Data extracts below:

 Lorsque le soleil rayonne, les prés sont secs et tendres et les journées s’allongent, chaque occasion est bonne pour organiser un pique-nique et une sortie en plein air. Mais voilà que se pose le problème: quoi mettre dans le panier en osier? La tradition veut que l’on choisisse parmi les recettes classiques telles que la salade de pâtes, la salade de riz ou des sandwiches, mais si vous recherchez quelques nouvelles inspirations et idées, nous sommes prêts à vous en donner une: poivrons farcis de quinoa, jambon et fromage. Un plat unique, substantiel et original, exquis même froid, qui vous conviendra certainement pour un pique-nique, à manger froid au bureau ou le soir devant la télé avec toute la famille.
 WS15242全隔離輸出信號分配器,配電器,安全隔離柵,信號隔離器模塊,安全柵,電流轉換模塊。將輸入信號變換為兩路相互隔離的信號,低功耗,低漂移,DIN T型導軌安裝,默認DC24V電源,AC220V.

End of Data extracts.
Data extracts below:

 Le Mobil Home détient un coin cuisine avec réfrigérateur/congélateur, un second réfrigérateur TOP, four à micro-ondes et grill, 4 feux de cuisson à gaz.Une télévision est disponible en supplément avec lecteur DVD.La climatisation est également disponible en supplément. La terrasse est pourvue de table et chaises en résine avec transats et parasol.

End of Data extracts.
Data extracts below:

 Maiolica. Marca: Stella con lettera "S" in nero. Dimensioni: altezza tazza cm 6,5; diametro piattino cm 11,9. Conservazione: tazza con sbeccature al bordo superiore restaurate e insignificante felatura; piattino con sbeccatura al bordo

End of Data extracts.

#### [Task goal]
In the data above, which lines lie between the line with "Lorsque le soleil" and the line with "WS15242全隔離輸出信號", inclusive? Print those lines exactly and nothing else.

#### [Solution to the exercise]
 Lorsque le soleil rayonne, les prés sont secs et tendres et les journées s’allongent, chaque occasion est bonne pour organiser un pique-nique et une sortie en plein air. Mais voilà que se pose le problème: quoi mettre dans le panier en osier? La tradition veut que l’on choisisse parmi les recettes classiques telles que la salade de pâtes, la salade de riz ou des sandwiches, mais si vous recherchez quelques nouvelles inspirations et idées, nous sommes prêts à vous en donner une: poivrons farcis de quinoa, jambon et fromage. Un plat unique, substantiel et original, exquis même froid, qui vous conviendra certainement pour un pique-nique, à manger froid au bureau ou le soir devant la télé avec toute la famille.
 WS15242全隔離輸出信號分配器,配電器,安全隔離柵,信號隔離器模塊,安全柵,電流轉換模塊。將輸入信號變換為兩路相互隔離的信號,低功耗,低漂移,DIN T型導軌安裝,默認DC24V電源,AC220V.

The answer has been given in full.